The lifecycle of ferns is a bit exotic and familiar.

It's classified as alternating between two generations, the one which produces
the familiar large plant, and one that produces tiny plants.

It's something like "sexual reproduction with extra steps".

The fern chops its genome in half and produces spores with these haploid
genetics. The spores grow into tiny plants (< 1 cm) which grow leaves and
roots and then produce the sperm and/or eggs (the sperm actually swims to the
egg!) which fertilized, grow into a new familiar fern.

In flowering plants, seeds are the result of fertilization which happens in
the plant, they're bigger, contain food, and protective shells. The living
cells which carry life are hidden inside. Pollen is a bit like a spore in that
it's tiny and contains haploid genes, but still I'm guessing that process of
reproduction is considerably more durable to increased UV.

------
rrmm
Oh hey, another bad thing to worry about happening in 2020.

But it's a cool paper.
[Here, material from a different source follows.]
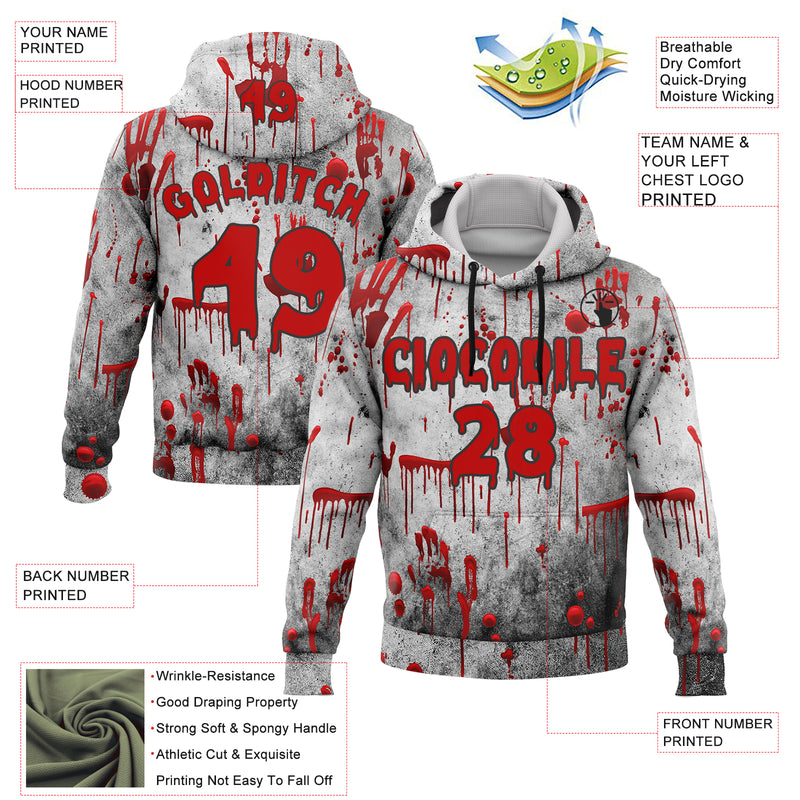 Custom Gray Red-Black 3D Halloween Creepy Blood Horror Sports Pullover Sweatshirt Hoodie

It would be interesting to see if they can find more
instances of this sort of damage over various, widely space geographic areas.
And especially in other species/other external signs of UV damage.

Even though they do analysis to try to eliminate other possible explanations,
I'm not sure I'm super on board with immediately accepting the UV/ozone
explanation whole sale. I always like to see bets hedged with "lends further
evidence to support...." language.

I'd also love to hear from anyone with domain knowledge that might be able to
add their perspective on the paper.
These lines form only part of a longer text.